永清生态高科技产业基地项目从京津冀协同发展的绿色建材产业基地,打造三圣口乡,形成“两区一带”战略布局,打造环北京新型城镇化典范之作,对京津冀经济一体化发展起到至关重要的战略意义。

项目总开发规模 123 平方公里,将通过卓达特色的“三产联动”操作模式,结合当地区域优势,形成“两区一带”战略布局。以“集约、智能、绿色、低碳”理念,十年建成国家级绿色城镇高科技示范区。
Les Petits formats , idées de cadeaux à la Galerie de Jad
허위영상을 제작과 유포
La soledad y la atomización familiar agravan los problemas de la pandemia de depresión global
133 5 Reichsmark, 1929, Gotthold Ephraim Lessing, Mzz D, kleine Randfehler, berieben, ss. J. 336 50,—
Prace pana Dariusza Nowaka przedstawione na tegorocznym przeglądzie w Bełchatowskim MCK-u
...
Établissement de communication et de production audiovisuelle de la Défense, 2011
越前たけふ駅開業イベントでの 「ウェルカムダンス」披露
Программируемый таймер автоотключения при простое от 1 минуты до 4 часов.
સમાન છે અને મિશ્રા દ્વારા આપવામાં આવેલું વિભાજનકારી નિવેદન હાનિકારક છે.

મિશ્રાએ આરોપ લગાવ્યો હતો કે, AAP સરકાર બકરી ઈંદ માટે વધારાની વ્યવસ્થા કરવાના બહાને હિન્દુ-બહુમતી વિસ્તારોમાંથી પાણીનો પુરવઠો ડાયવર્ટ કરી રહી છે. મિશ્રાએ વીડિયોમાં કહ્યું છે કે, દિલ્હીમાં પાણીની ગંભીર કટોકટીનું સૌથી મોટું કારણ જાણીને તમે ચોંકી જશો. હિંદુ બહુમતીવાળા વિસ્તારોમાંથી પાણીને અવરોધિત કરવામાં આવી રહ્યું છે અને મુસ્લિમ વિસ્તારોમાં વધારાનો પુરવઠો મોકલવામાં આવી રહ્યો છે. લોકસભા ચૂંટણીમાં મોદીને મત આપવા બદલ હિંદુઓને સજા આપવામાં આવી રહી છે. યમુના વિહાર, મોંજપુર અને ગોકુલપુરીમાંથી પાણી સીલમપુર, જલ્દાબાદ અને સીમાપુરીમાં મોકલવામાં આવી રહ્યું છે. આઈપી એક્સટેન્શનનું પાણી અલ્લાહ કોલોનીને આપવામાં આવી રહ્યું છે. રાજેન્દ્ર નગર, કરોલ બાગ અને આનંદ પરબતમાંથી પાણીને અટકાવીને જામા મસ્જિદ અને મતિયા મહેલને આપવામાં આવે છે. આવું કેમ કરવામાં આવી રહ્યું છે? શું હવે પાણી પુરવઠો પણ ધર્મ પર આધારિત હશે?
---
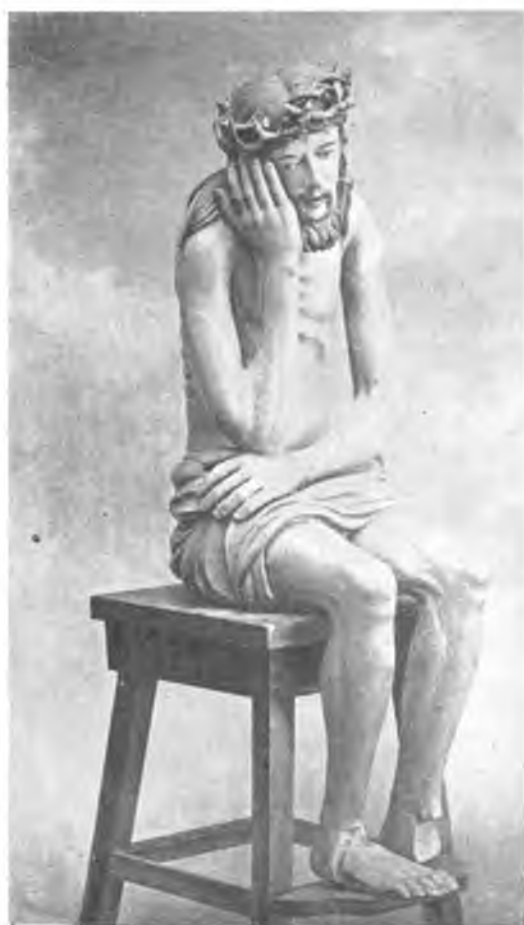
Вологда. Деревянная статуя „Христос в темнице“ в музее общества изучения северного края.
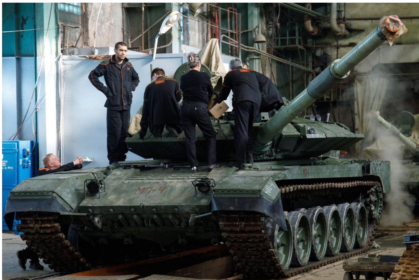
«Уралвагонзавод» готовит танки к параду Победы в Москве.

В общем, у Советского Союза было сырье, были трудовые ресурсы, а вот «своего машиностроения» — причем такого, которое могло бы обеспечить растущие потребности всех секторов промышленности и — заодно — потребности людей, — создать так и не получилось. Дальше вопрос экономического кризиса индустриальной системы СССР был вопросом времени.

WORK REQUEST :: Extract the lines of the preceding material that run from the line with "永清生态高科技产业基地项目从" through the line with "Prace pana Dariusza", inclusive, reproducing them exactly and adding nothing.

EXERCISE SOLUTION ::
永清生态高科技产业基地项目从京津冀协同发展的绿色建材产业基地,打造三圣口乡,形成“两区一带”战略布局,打造环北京新型城镇化典范之作,对京津冀经济一体化发展起到至关重要的战略意义。

项目总开发规模 123 平方公里,将通过卓达特色的“三产联动”操作模式,结合当地区域优势,形成“两区一带”战略布局。以“集约、智能、绿色、低碳”理念,十年建成国家级绿色城镇高科技示范区。
Les Petits formats , idées de cadeaux à la Galerie de Jad
허위영상을 제작과 유포
La soledad y la atomización familiar agravan los problemas de la pandemia de depresión global
133 5 Reichsmark, 1929, Gotthold Ephraim Lessing, Mzz D, kleine Randfehler, berieben, ss. J. 336 50,—
Prace pana Dariusza Nowaka przedstawione na tegorocznym przeglądzie w Bełchatowskim MCK-u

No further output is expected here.